When the Ptolemaic king Ptolemy V died in 180 BC, he left three children: Ptolemy VI, Cleopatra II, and Ptolemy VIII. All three ruled together from 169 BC until 164 BC, when Ptolemy VIII expelled his brother from power. In 163 BC, he was expelled in turn and forced to withdraw to Cyrene. However, when Ptolemy VI died in 145 BC, Ptolemy VIII was invited back to Egypt to serve as king, marrying his sister Cleopatra II, also sister and widow of Ptolemy VI. The relationship between Ptolemy VIII and Cleopatra II rapidly deteriorated, especially when Ptolemy VIII took Cleopatra III, daughter of Ptolemy VI and Cleopatra II, as a second wife. The conflict eventually led to a civil war with Cleopatra II on one side and Ptolemy VIII and Cleopatra III on the other (132–126 BC). Ptolemy VIII and Cleopatra III were victorious, but reconciled with Cleopatra II and restored her as co-regent in 124 BC.

Ptolemy IX was the son of Ptolemy VIII and Cleopatra III. The exact date of his birth is a bit unclear.
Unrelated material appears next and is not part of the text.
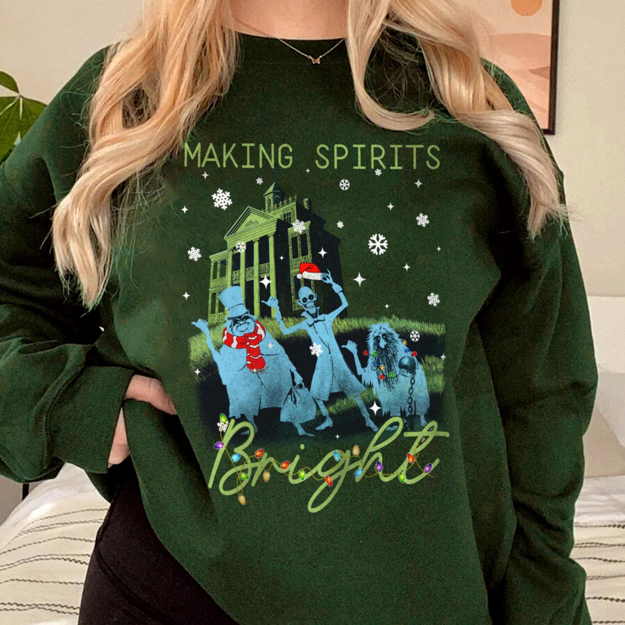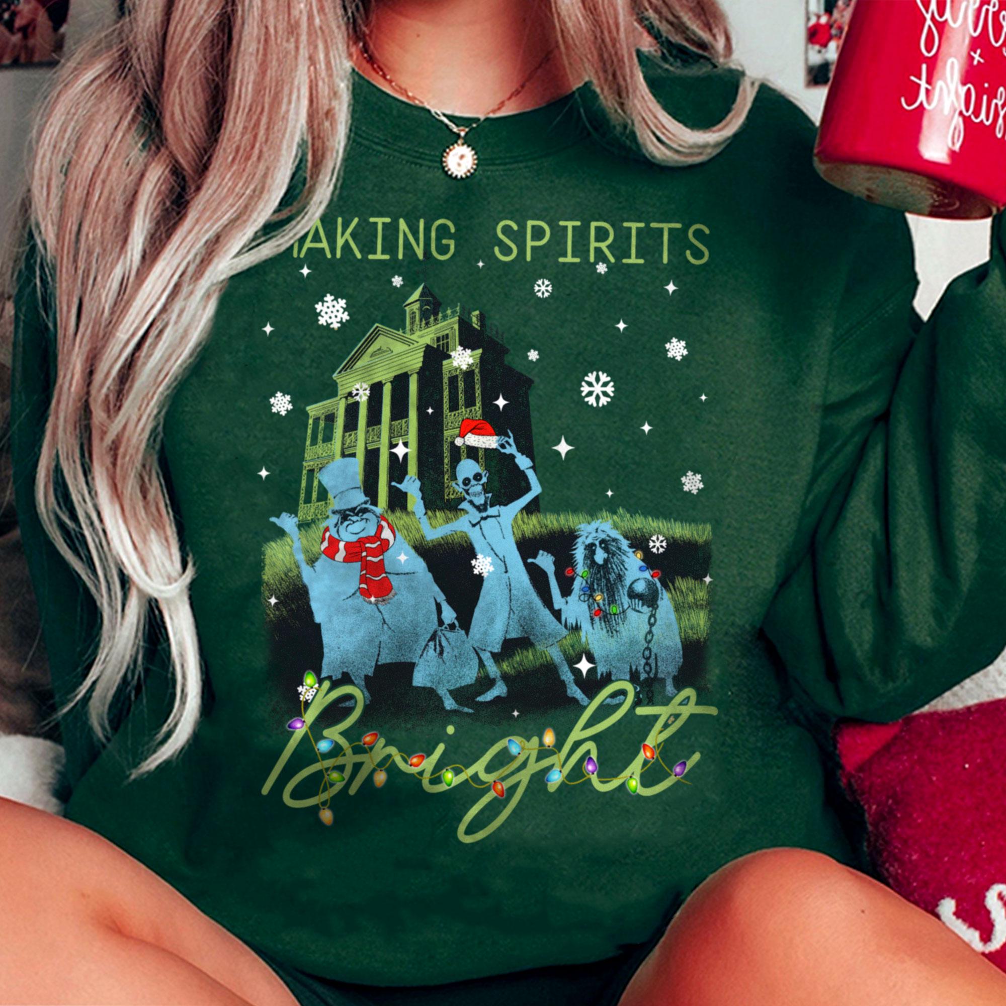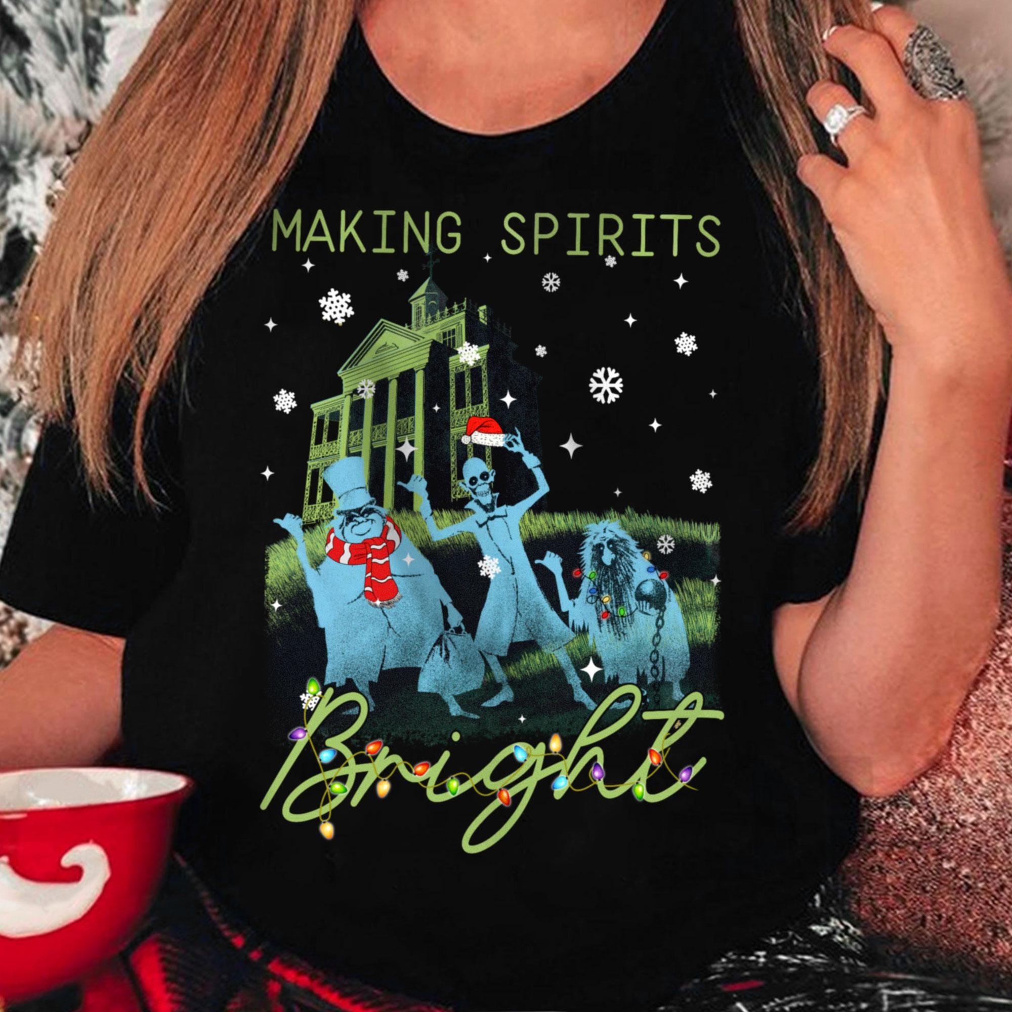 Making Spirits Bright Christmas Light Hitchhiking Ghost Shirt, X-mas Retro T-Shirt, Disneyland Vacation Trip Family Gift 2024

As pharaoh, his Horus name was "Distinguished through his birth together with the living Apis; twin in his birthplace with the son of Isis" which seems to indicate that he was born in the same year as an Apis bull, i.e. 143/142 BC. This would put his birth two years before his parents' marriage, which took place in 141 BC. Some historians, like Günther Hölbl, consider this insuperable and propose to place his birth in 140 or 139 BC instead.
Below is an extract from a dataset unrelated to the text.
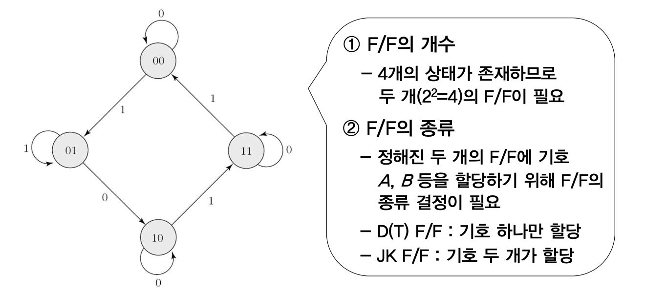 -> 순서논리회로에 사용될 F/F의 개수와 종류를 결정하고, 그 F/F에 기호를 할당
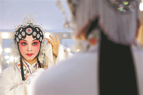 8月27日,2024首屆中國戲曲稀有劇種優秀劇目展演在山東省濱州市博興縣拉開帷幕。從8月27日至9月1日,來自全國各地41個稀有劇種的41個優秀劇目在此輪番登場,通過以折子戲、戲曲小戲、經典選段為呈現形式,集中展示戲劇藝術創作和人才培養的優秀成果,助力稀有劇種健康發展。圖為戲曲演員正在后臺整理妝容,準備登臺表演。

Initially, Ptolemy IX was not the heir to the throne – that was Ptolemy Memphites, the son of Ptolemy VI and Cleopatra II, who was roughly the same age as him. In 134/133 BC, Ptolemy IX served as the annual priest of Alexander the Great, the year after Ptolemy Memphites had done the same. However, in 130 BC, during the civil war, Cleopatra II attempted to have Ptolemy Memphites crowned as her co-ruler, so Ptolemy VIII had him murdered, leaving Ptolemy IX as the heir.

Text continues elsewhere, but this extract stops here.